I hung up, even more confused.
Why, I wondered, would David Mintzer sign off on such a terrible arrangement? He had more than enough capital to pay for all of his deliveries on time. Even if he’d wanted to delay payment via a credit plan, there were certainly better interest rates out there than ten percent.
The more I thought about it, the fishier the deal sounded. David would not have signed off on such a deal, but the man at the dairy didn’t mention David. “Ask Jacques,” he’d said.
Clearly Papas was up to something—but what? Embezzlement?
I checked my watch. Papas had been gone only thirty-five minutes, so I figured I had time to do a little sniffing. I began searching through the mess on his desk, hoping to find the blue book he constantly carried. I fumbled through a week of piled up newspapers without success. Next I decided to go through the drawers in the man’s desk.
The first one I opened contained personal items—toothbrush and toothpaste, several bottles of very expensive cologne, a hairbrush, and so many men’s hair care and styling products I expected to find a tiny Vidal Sassoon in there with a pair of scissors.

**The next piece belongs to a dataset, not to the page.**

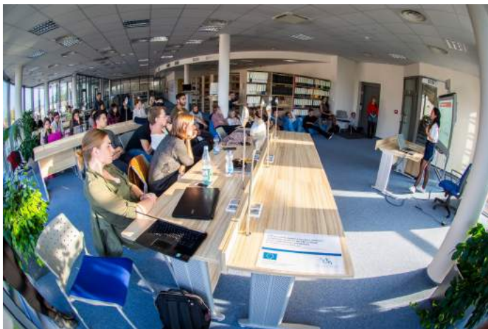
Obrázek 7 – International Days 2018

styků VŠE na fakultním webu, organizací informačních schůzek, administrativně prací koordinátorky zahraničních výjezdů a proděkana pro rozvoj a vnější vztahy a rovněž i finančně z prostředků stipendijního fondu. Určitou formu podpory představují i akce zaměřené na zahraniční mobilitu, jako jsou tzv. International Days, studentské přednášky, workshopy, nebo již tradiční každoroční výstava Naši studenti ve světě, které probíhají i díky podpoře projektu Rozvoj vzdělávací a dalších činností a podpora kvality na VŠE v Praze (CZ.02.2.69/0.0/0.0/16_015/0002342). V roce 2018 byla nově založena skupina na síti Facebook „Zahraníční výjezdy na FM VŠE“, která je zaměřena na sdílení informací a zkušeností s výjezdy. Novinkou byla také fotosoutěž, do které mohli studenti přihlásit fotografie ze svých výjezdů. Prvního ročníku soutěže se zúčastnilo 9 studentů, kteří přihlásili 27 fotografií.

The second drawer contained stationery, envelopes, pens and pencils, and a stapler. The third drawer was locked.
Before I could look any further, however, Papas’s angry voice shattered the silence.
“What are you doing in here?”
“Oh, hi, Jacques, I, uh—”
“Who gave you permission to come in here?”

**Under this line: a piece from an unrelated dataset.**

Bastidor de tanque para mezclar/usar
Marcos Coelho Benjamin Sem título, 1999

“I had to call the dairy. We were out of half-and-half, and far too low on milk and cream.”
Jacques Papas’s nostrils flared as he stared at me, obviously seething.
“Since you weren’t here, and we needed the supplies, I found the dairy’s number and placed the order myself,” I continued. “The dispatcher was very nice. The truck will be here within the hour.”

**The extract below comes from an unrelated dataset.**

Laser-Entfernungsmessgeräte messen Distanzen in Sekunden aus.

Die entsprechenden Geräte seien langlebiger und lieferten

My words seemed to calm the man. He nodded. “You should have told me you needed supplies before I stepped out. I would have placed the order.”
“I didn’t know until I checked the walk-in. And I didn’t want to trouble you.”
Jacques nodded again. “Fine. I shall be here to meet the delivery man.”
“Great,” I said. Then I slipped by the man and out of his office.
Eight
After being jolted into near-drowning by a Suffolk County Police bullhorn and uncovering a possible extortion scheme by a workplace colleague, I didn’t think anything else could surprise me today, but that evening something managed to do just that—or rather someone.
Madame glided into Cuppa J in an elegant chartreuse sundress, on the arm of an elderly man I’d never seen before. His gray beard and tweedy blazer gave him the air of a professor, but his short, white ponytail, French beret, distressed jeans, and trendy rectangular glasses made him look more like a patriarch of West Village pop artists.
“Clare, you look so stressed,” Madame told me as I walked up to her cafe table. “Perhaps you should call it a night.”
Madame’s suggestion was kind but impractical. From five o’clock onward, the restaurant had been packed. It was now ten in the evening and most of the customers were here for coffee service and dessert. That may have slowed things down for Victor and Carlos in the kitchen, but not for me in the dining room. Because we were understaffed, I was pulling double duty, managing as well as waiting tables.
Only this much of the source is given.